Biomet Inc. (Warsaw Ind.), Johnson & Johnson Professional, Inc. (Raynham, Mass.), Ostenoics Inc. (Allendale, N.J.), Smith & Nephew Richards, Inc. (Memphis, Tenn.), Wright Medical Technology, Inc. (Arlington, Tenn.), and Zimmer, Inc., (Warsaw, Ind.), Poly Hi Solidur (Fort Wayne, Ind) Teledyne Allvac/Vasco (Monroe,NC), Polymer Technology Group (Emeryville, Ca.) American Association of Orthopaedic Surgeons, Hip and Knee Society, Ohio State University Department of Orthopaedic Surgery, Massachusetts General Hospital Department of Orthopaedic Surgery, Rush-Presbyterian - St Luke's Hospital Department of Orthopaedic Surgery, National Heart, Lung, & Blood Institute, Medical Devices Standards Board, Leadership roles with the Biomaterials Society.

Planned Outcomes

• Accelerated tests for evaluation of wear of orthopaedic joint materials.
• Reference materials for implantable materials and explanted devices.
• National and international standards for medical devices.

Accomplishments

Cooperative Research & Development Agreements (CRADAs) were signed with six (6) orthopaedic companies to form a consortium to identify accelerated methods for evaluation of the wear properties of orthopaedic joint materials.

Facilitating NIST-NIH-FDA-Private Industry collaboration for NIST dissemination of industry developed Polyetherurethane Reference Materials, useful in the development of cardiovascular devices.

Coordinating development of a memorandum of understanding between NIST, NIH & FDA for future development of reference materials for biomedical devices.

Outputs.

Publications

J. Tesk, What is a Standard Reference Material, What is any Reference Material?,Biomaterials Newsletter "The Forum", April 1996.
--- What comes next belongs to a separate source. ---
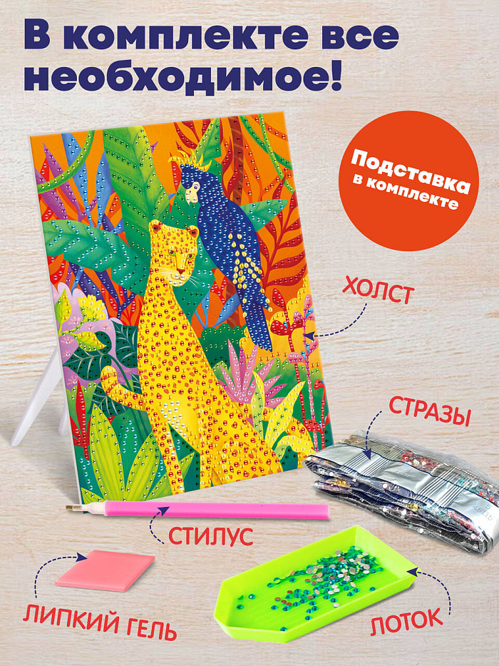 Ребенку предстоит перенести стразы при помощи стилуса на картонную основу по заданной схеме. Готовая картина с переливающимися на свету стразами украсит интерьер любой детской комнаты!

J. Tesk, International Standards and Reference Materials, Proceedings of Workshop On Implant Retrieval and Analysis; Buffalo NY., June 1996.

Presentations

J. Tesk, International Standards and Reference Materials, Workshop on Implant Retrieval and Analysis, Buffalo, NY, June 1996.
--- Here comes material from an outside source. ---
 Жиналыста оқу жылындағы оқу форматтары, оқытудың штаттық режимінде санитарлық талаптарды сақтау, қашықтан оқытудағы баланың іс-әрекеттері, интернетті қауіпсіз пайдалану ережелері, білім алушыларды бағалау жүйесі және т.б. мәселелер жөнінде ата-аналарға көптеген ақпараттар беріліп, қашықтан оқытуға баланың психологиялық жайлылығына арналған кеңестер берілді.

Durability Assessment of Biomedical Materials/ Prostheses

John A. Tesk; J. Stansbury, J. Lechner (retired, Division 882); Collaborators: S.C. Saunders; H. Morris; K.Asaoka.

Objectives

The objectives are to explore the following: employment of cyclopolymerizable monomers as substitutes for poly(methyl methacrylate) in orthopaedic bone cement, models of the mechanical behavior of dental/medical materials, probabilistic methods which may be useful in the prediction of clinical survivability of biomedical implants and prostheses based on early time survival data, and screening tests for nanosized filler dental restoratives for which the coupling agents to the filler acts as the resin matrix.

Technical Description

Evaluate properties of mixtures of poly(methyl methacrylate) and cyclopolymerizable monomers; explore with NIH, NIST and Washington State University the feasibility/interest in workshop on implant reliability predictions using engineering statistical approaches; continue modeling collaborations with Tokushima University.

External Collaborations

J. Lechner (retired, Division 882); S.C. Saunders, Washington State University; H. Morris, Veterans Administration; K.Asaoka, Tokushiima University.

Accomplishments

Established informal collaboration with Ohio State University Department of Orthopaedic Surgery for evaluation of experimental bone cement formulations.

Outputs

Publications

J.A. Tesk, and Asaoka, On Computer Simulation of Stresses developed in Dental Investments During Burnout, Prior to Casting, Dent. Mater. (submitted).